I don't see anything "Wrong" with your stock airbox as you describe it. Also I think one of those pipes you see may be a transmission breather.

As everyone has already said a CAI will give you the most horsepower for your dollar.


----------



## xluv2eatx (Oct 22, 2002)

Mr SEntra said:


> *A V8, are you serious? I think it's pretty subjective, but that's your butt dyno compared to mine.
> 
> I definitely agree to take out all that stock crapola. My vote goes for Injen, but whatever you're happy with spending your money.  *


my vote is with you too...id go for injen also, but im still leaning toward the weapon-r dragon intake system...


----------



## Guest (Oct 26, 2002)

haha well we all know I exagerated with the V8 comment for emphasis, but it does make a very noticable difference compared to the day I drove it off the lot.  

The butt dyno does ad a few more horses to the top end... I have no real fact based opinions on what the best intake is... and to be perfectly honest if an injen intake was the one hanging on the wall when I walked into the tuner shop, then that's the one I would have went with. Just happend to be AEM. In the end I'd say it's really 6 of one and a half dozen of the other when it come to differences in power gain/performance. 

I've heard goo dthings about dragon as well, but I didn't think they made'em for the SPEC V yet? I know 3 for sure, Injen AEM and Hotshot...

hopefully teh aftermarket scene will adopt the SPEC V more quickly now and they'll start making the parts for it. They're especially har dot get way up here in Canada!  

Cheers


----------



## Mr SEntra (Oct 7, 2002)

I was just trying to give you a hard time Silver.  I definitely understand what you're saying.


----------



## Guest (Oct 26, 2002)

oh no worries there Mr Sentra.  

It's all good.

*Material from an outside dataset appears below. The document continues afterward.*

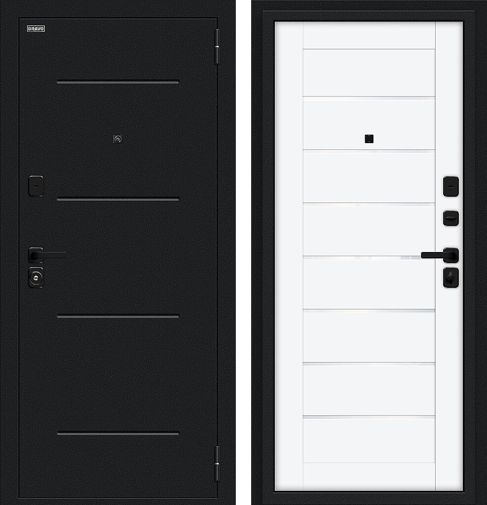 Входная дверь Bravo Техно/SBlack 205x96 Букле черное/White Silk правое открывание

You gotta give the rubs now and then. Keeps everyone honest  

I'm pretty new to this whole import thing but I gotta say (traded in my 99 Dodge Dakota V8 4x4 for my SPEC V) - call me crazy but so far I'm glad I made the switch. 

Cheers


----------



## Mr SEntra (Oct 7, 2002)

Hehe, you know what's funny? My last car was a B14 GXE with intake and exhaust, springs and rims and tires. I had a tint and a decent system. Damn was that the love of my life! The only problem for me is that it was an automatic. I've seen a few people going for turbo, like Chef's GA16DE TURBO, so I was going to keep it. I sold it and bought my B15 and I've been really happy ever since. I think I have a new respect for our Sentra's with so much diversity from the Classic's to the Spec V. I'm very happy with my SE. 

BTW: Now I can see where you made a V8 reference.


----------